In my answer, I will ignore the last result you had: Adam, Bob: 1, 2, 3 , because it is a logical exception. Go to the end to see my conclusion.

Explanation:

The idea would be to iterate over the combinations "which group will belong to the element".

Say that you have elements "a, b, c", and you have groups "1, 2", let's have an array of size 3, as the number of elements that will contain all possible combinations of groups "1, 2", with repetition:

 {1, 1, 1} {1, 1, 2} {1, 2, 1} {1, 2, 2} {2, 1, 1} {2, 1, 2} {2, 2, 1} {2, 2, 2} 

Now we take each group and make it a key-value, with the following logic:

The group elements[i] will be the value of comb[i] .
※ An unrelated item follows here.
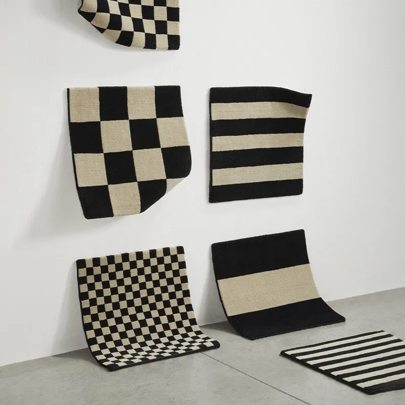モダンシンプルなチェック柄の吸水マット - バスルームやトイレの入り口にぴったり!滑り止め付きで安全性も抜群。おしゃれで快適な空間を演出します。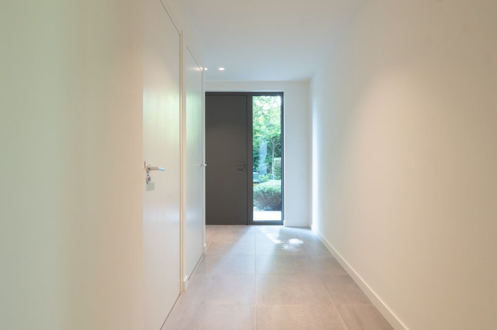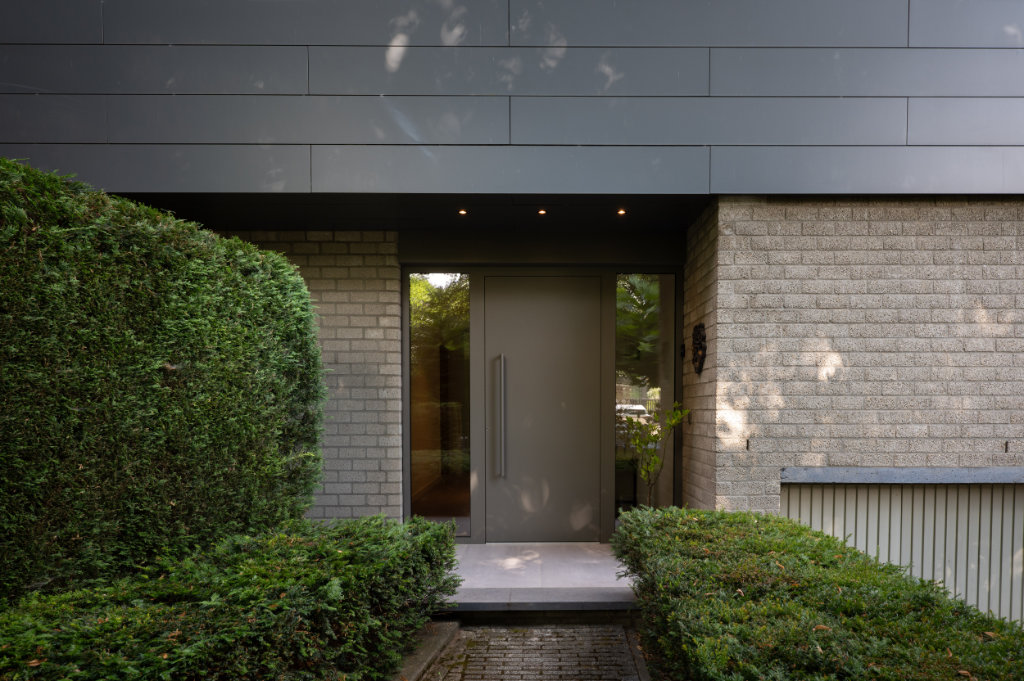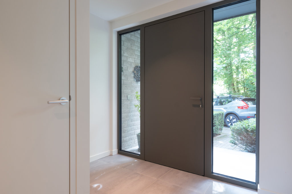 De nieuwe voordeur – uitgevoerd in een afwijkende grijstint die perfect aansluit bij de gevelstenen – zorgt voor meer daglicht in de entree. Zowel de puien als de voordeur zijn geleverd en geplaatst door ITH Kozijn & Geveltechniek uit Heerlen.

 Example with {1, 2, 1}: a: group 1 b: group 2 c: group 1 And in a different view, the way you wanted it: group 1: a, c group 2: b 

After all this, you just need to filter out all the combinations that do not contain all the groups, because you wanted all the groups to have at least one value.
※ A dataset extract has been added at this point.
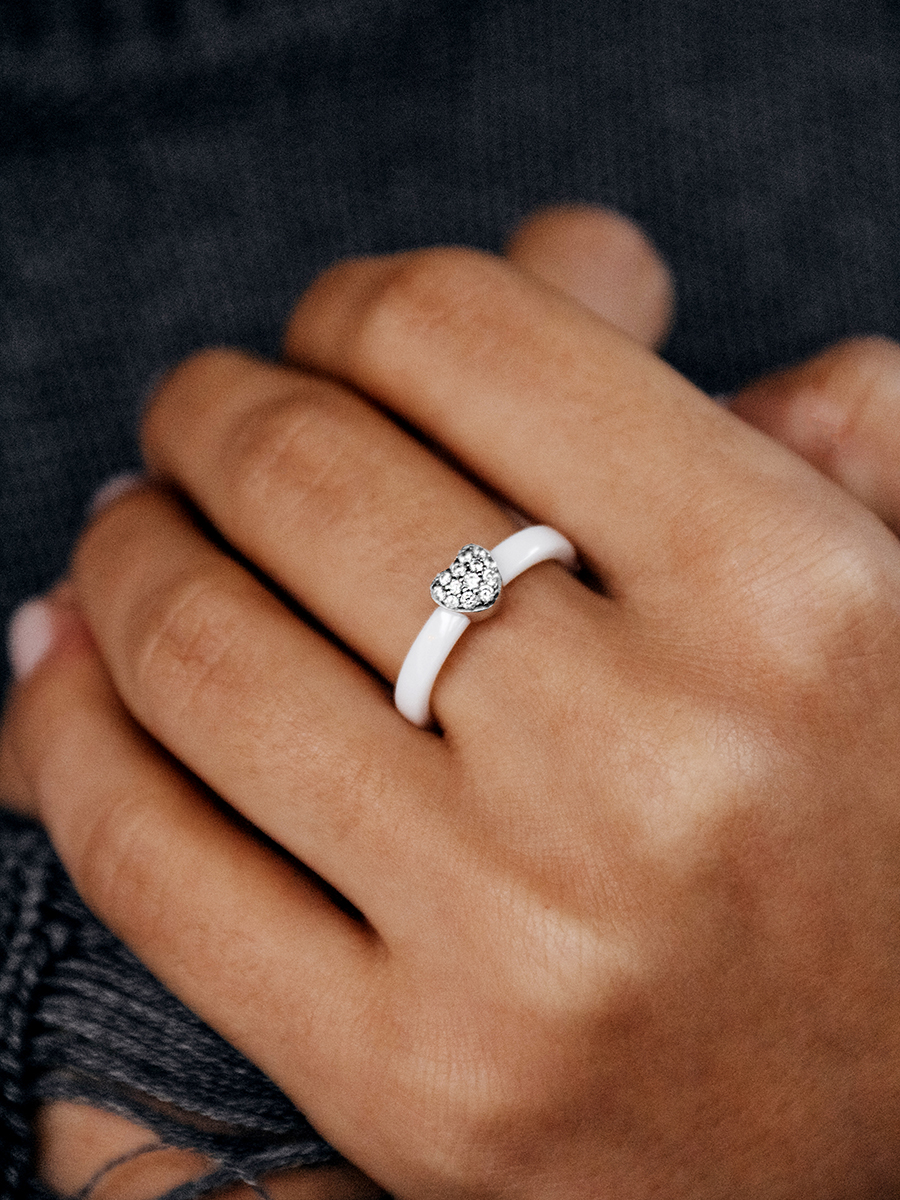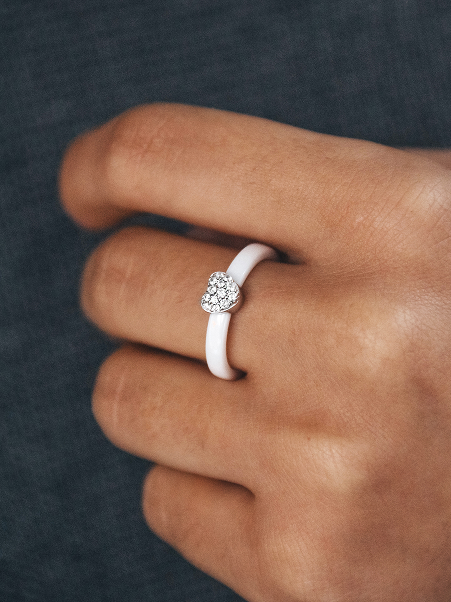 Каблучка з ювелірної кераміки та срібла із фіанітами.

So, you should check if all groups are displayed in a certain combination and filter those that do not match, so you will be left with:

 {1, 1, 2} {1, 2, 1} {1, 2, 2} {2, 1, 2} {2, 2, 1} {2, 1, 1} 

This will lead to:

 1: a, b 2: c 1: a, c 2: b 1: a 2: b, c 1: b 2: a, c 1: c 2: a, b 1: b, c 2: a 

This group combination logic will work for more elements and groups. Here is my implementation, which could probably be done better, because even I got a little lost there while I encoded it (this is really not an intuitive problem), but it works well.

Implementation:

 public static IEnumerable<ILookup<TValue, TKey>> Group<TKey, TValue> (List<TValue> keys, List<TKey> values, bool allowEmptyGroups = false) { var indices = new int[values.Count]; var maxIndex = values.Count - 1; var nextIndex = maxIndex; indices[maxIndex] = -1; while (nextIndex >= 0) { indices[nextIndex]++; if (indices[nextIndex] == keys.Count) { indices[nextIndex] = 0; nextIndex--; continue; } nextIndex = maxIndex; if (!allowEmptyGroups && indices.Distinct().Count() != keys.Count) { continue; } yield return indices.Select((keyIndex, valueIndex) => new { Key = keys[keyIndex], Value = values[valueIndex] }) .OrderBy(x => x.Key) .ToLookup(x => x.Key, x => x.Value); } } 

Application:

 var employees = new List<string>() { "Adam", "Bob"}; var jobs = new List<string>() { "1", "2", "3"}; var c = 0; foreach (var group in CombinationsEx.Group(employees, jobs)) { foreach (var sub in group) { Console.WriteLine(sub.Key + ": " + string.Join(", ", sub)); } c++; Console.WriteLine(); } Console.WriteLine(c + " combinations."); 

Conclusion:

 Adam: 1, 2 Bob: 3 Adam: 1, 3 Bob: 2 Adam: 1 Bob: 2, 3 Adam: 2, 3 Bob: 1 Adam: 2 Bob: 1, 3 Adam: 3 Bob: 1, 2 6 combinations. 

UPDATE

Prototype Protocol of Combined Keys:

 public static IEnumerable<ILookup<TKey[], TValue>> GroupCombined<TKey, TValue> (List<TKey> keys, List<TValue> values) { // foreach (int i in Enumerable.Range(1, keys.Count)) for (var i = 1; i <= keys.Count; i++) { foreach (var lookup in Group(Enumerable.Range(0, i).ToList(), keys)) { foreach (var lookup1 in Group(lookup.Select(keysComb => keysComb.ToArray()).ToList(), values)) { yield return lookup1; } } } /* Same functionality: return from i in Enumerable.Range(1, keys.Count) from lookup in Group(Enumerable.Range(0, i).ToList(), keys) from lookup1 in Group(lookup.Select(keysComb => keysComb.ToArray()).ToList(), values) select lookup1; */ } 

There is still a slight duplicate problem, but it gives all the results.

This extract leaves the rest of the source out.